▶ _Exercise goal_
Nothing but the lines from the top of the data to the line holding "Tabel Ringkas: 5" should be printed, word for word and both ends included; leave the pictures out.

▶ _Source data_
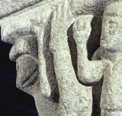 Sur ce chapiteau l'angle droit de la corbeille est occupé par un personnage assis sur les fesses, au faciès, aux mains et aux pieds étirés vers le haut, simiesques. La présence d'un sexe (martelé) confirme son animalité. Au 12e siècle le sexe humain continue encore à être masqué ou voilé sur les statues et les peintures religieuses.
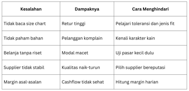 Tabel Ringkas: 5 Kesalahan Reseller Baru & Cara Menghindarinya
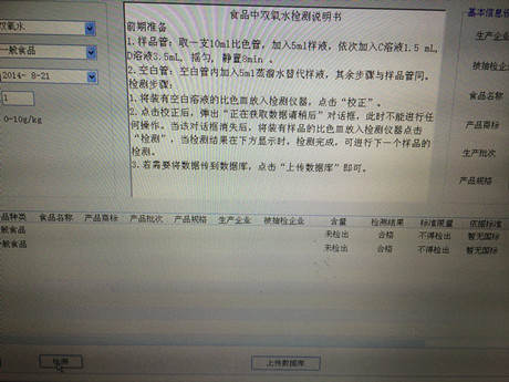 3、倒入比色皿中,置于PCS多功能食品安全檢測(cè)儀中檢測(cè)。檢測(cè)結(jié)果:兩個(gè)樣品均未檢出雙氧水

▶ _Reply to the task_
 Sur ce chapiteau l'angle droit de la corbeille est occupé par un personnage assis sur les fesses, au faciès, aux mains et aux pieds étirés vers le haut, simiesques. La présence d'un sexe (martelé) confirme son animalité. Au 12e siècle le sexe humain continue encore à être masqué ou voilé sur les statues et les peintures religieuses.
 Tabel Ringkas: 5 Kesalahan Reseller Baru & Cara Menghindarinya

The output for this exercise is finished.